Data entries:
*** Begin section ***

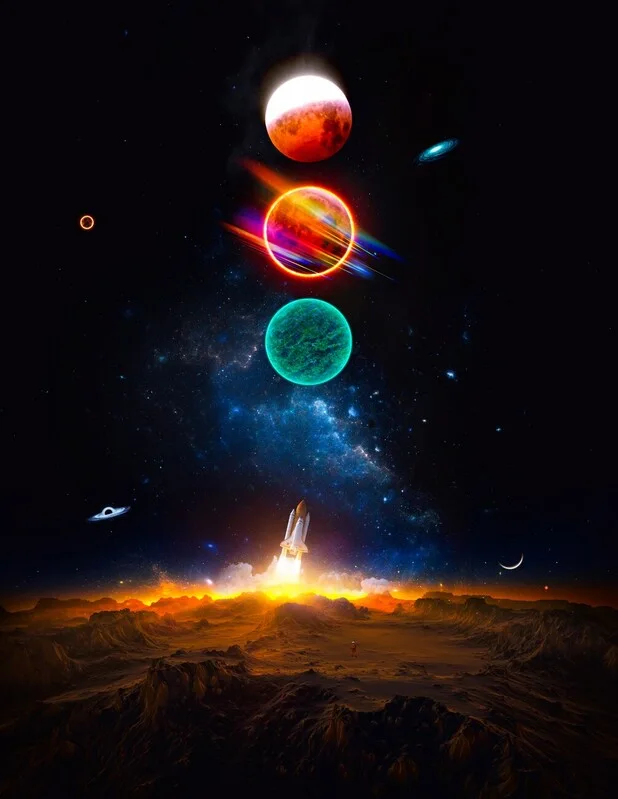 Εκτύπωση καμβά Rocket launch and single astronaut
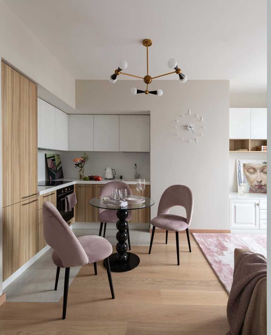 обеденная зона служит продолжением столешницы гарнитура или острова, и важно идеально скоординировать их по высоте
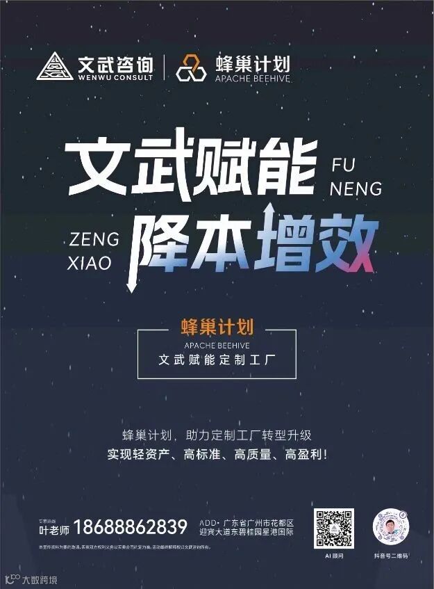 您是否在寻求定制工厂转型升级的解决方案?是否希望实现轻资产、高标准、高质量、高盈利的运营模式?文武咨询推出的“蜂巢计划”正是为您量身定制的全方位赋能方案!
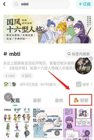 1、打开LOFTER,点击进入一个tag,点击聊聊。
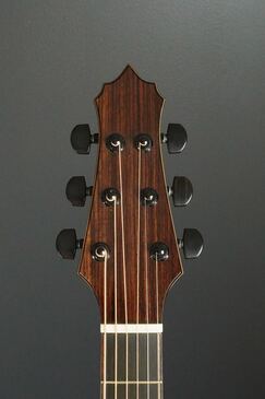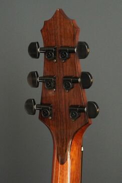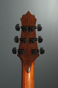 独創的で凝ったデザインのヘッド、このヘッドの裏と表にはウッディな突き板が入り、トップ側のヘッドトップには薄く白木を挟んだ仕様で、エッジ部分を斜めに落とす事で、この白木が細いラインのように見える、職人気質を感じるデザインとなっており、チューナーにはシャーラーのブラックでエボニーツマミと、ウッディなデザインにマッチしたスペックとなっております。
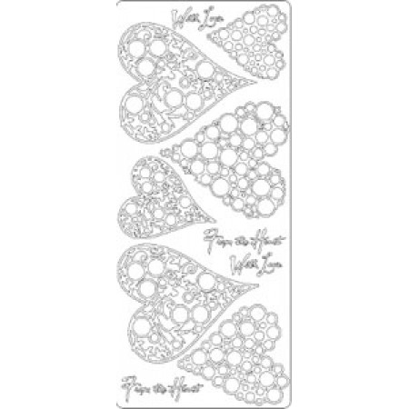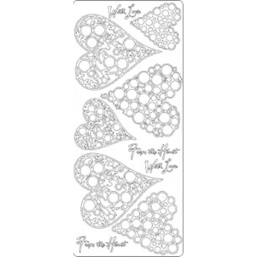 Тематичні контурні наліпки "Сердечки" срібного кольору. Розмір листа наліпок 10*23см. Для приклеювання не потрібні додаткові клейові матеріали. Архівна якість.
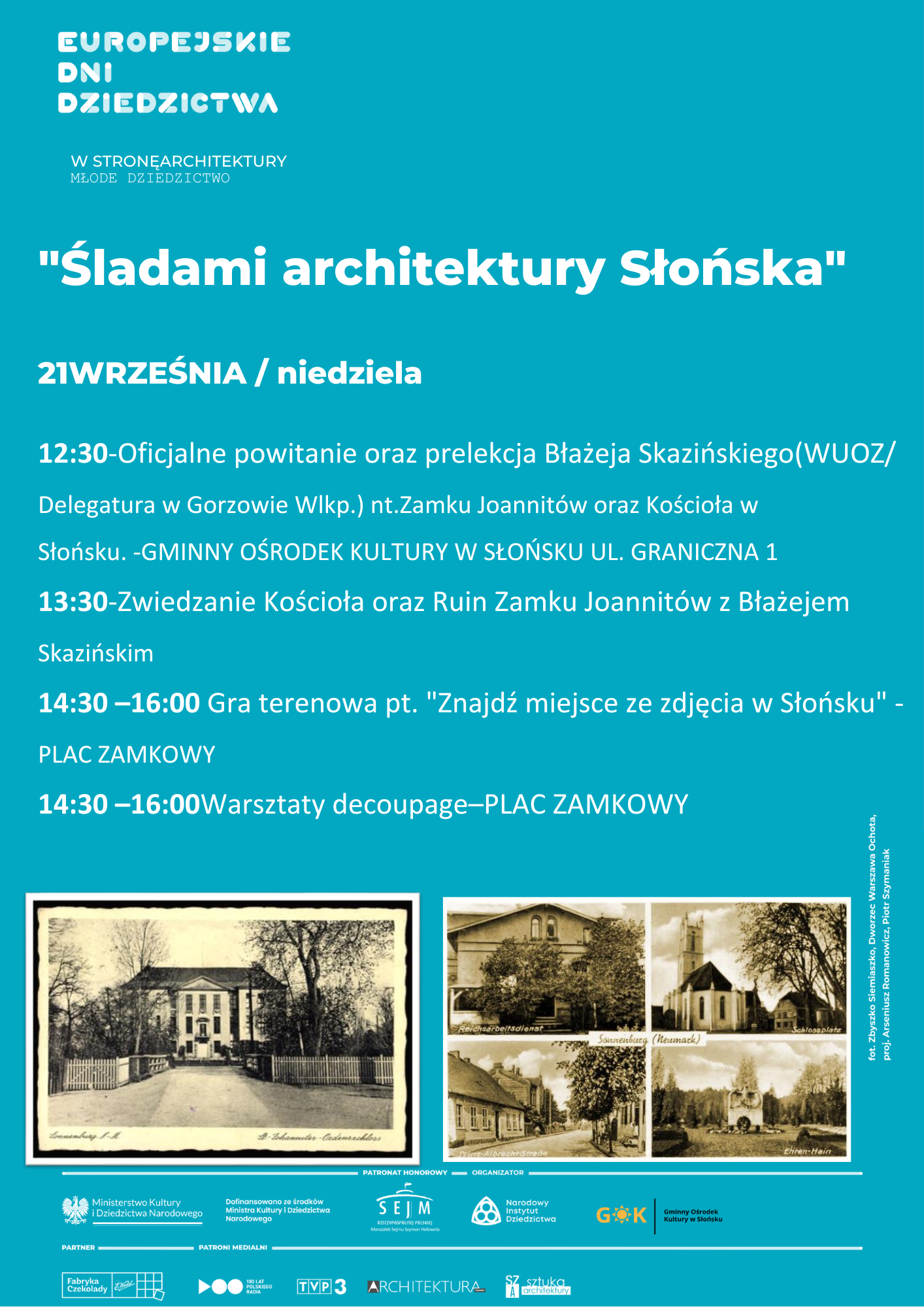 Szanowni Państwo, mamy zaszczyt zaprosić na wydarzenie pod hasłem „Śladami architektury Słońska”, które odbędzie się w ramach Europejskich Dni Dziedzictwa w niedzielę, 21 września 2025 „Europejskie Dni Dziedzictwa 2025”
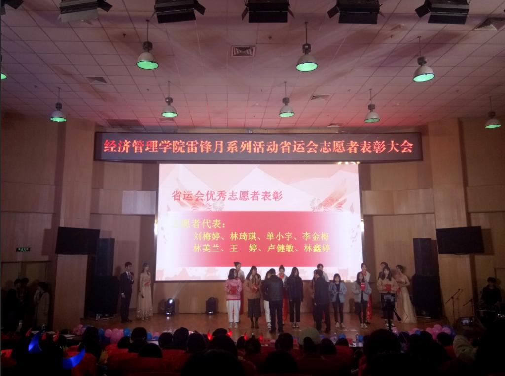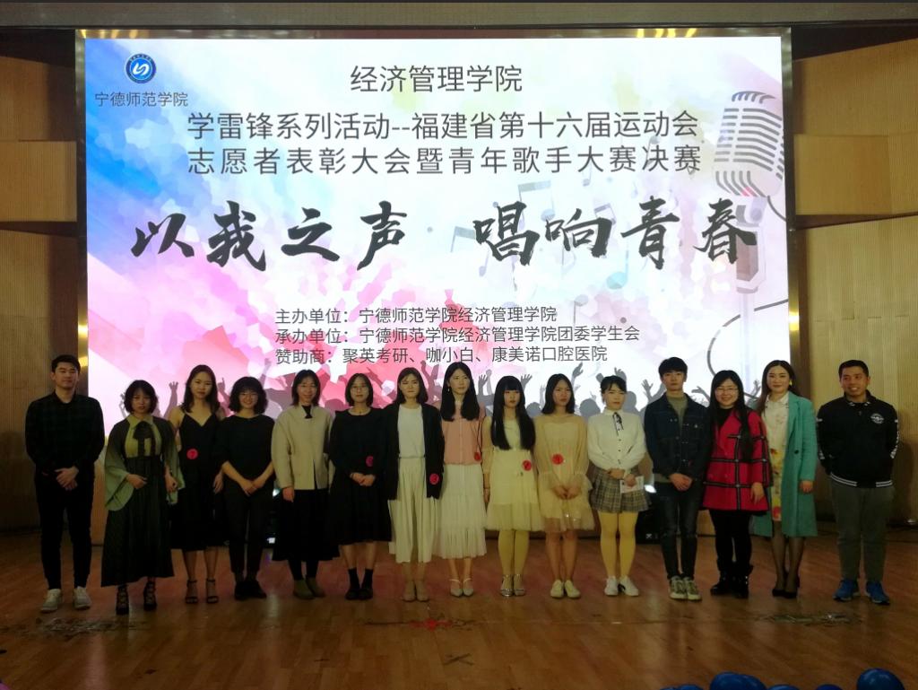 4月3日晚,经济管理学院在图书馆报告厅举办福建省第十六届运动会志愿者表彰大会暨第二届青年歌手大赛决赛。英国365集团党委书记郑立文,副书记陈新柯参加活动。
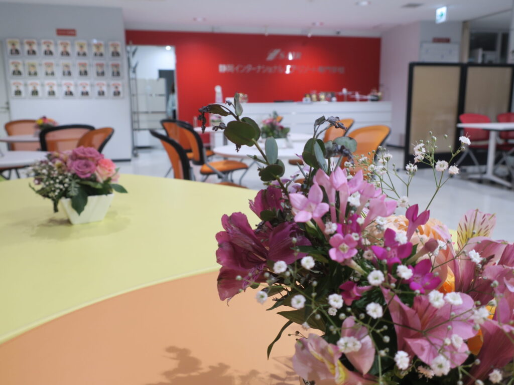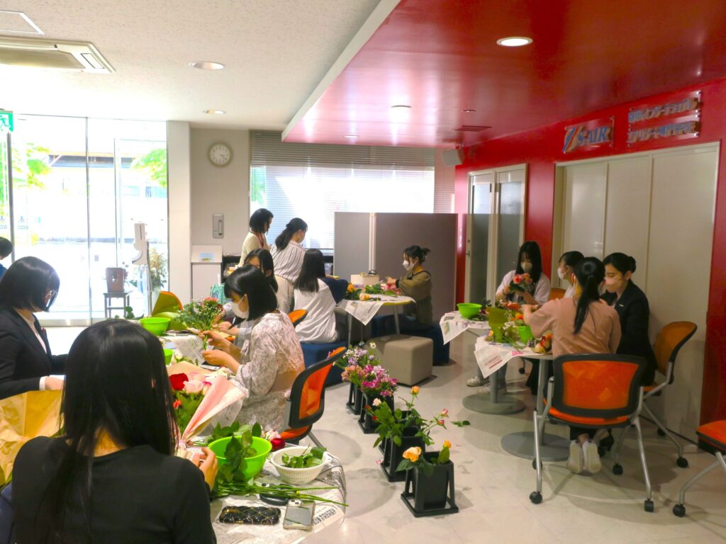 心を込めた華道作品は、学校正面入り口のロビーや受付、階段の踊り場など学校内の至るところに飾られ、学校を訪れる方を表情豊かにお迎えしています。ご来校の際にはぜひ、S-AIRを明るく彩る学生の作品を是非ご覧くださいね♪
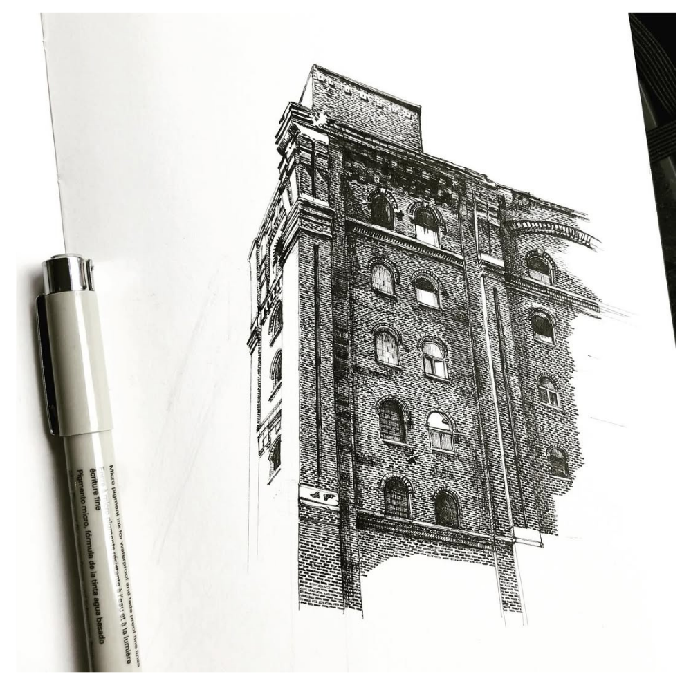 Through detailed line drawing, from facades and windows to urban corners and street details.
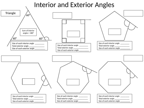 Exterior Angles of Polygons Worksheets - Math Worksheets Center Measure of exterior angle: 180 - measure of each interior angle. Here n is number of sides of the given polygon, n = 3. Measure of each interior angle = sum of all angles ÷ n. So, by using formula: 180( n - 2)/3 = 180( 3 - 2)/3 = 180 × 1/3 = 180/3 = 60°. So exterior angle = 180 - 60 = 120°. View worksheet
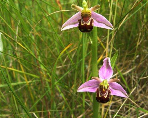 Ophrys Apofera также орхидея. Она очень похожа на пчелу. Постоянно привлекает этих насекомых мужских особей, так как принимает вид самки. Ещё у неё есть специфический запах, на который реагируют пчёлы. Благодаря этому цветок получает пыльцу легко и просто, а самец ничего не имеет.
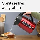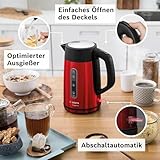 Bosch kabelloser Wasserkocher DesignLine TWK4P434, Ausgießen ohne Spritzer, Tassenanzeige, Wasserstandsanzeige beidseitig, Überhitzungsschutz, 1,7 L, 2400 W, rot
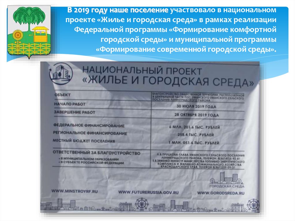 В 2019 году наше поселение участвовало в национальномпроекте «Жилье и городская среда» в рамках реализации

*** End section ***

Required action: Using the entries above, transcribe exactly from the line that has "1、打开LOFTER,点击进入一个tag,点击聊聊。" through the line that has "独創的で凝ったデザインのヘッ". Pictures are dropped.

Answer for the task:
 1、打开LOFTER,点击进入一个tag,点击聊聊。
 独創的で凝ったデザインのヘッド、このヘッドの裏と表にはウッディな突き板が入り、トップ側のヘッドトップには薄く白木を挟んだ仕様で、エッジ部分を斜めに落とす事で、この白木が細いラインのように見える、職人気質を感じるデザインとなっており、チューナーにはシャーラーのブラックでエボニーツマミと、ウッディなデザインにマッチしたスペックとなっております。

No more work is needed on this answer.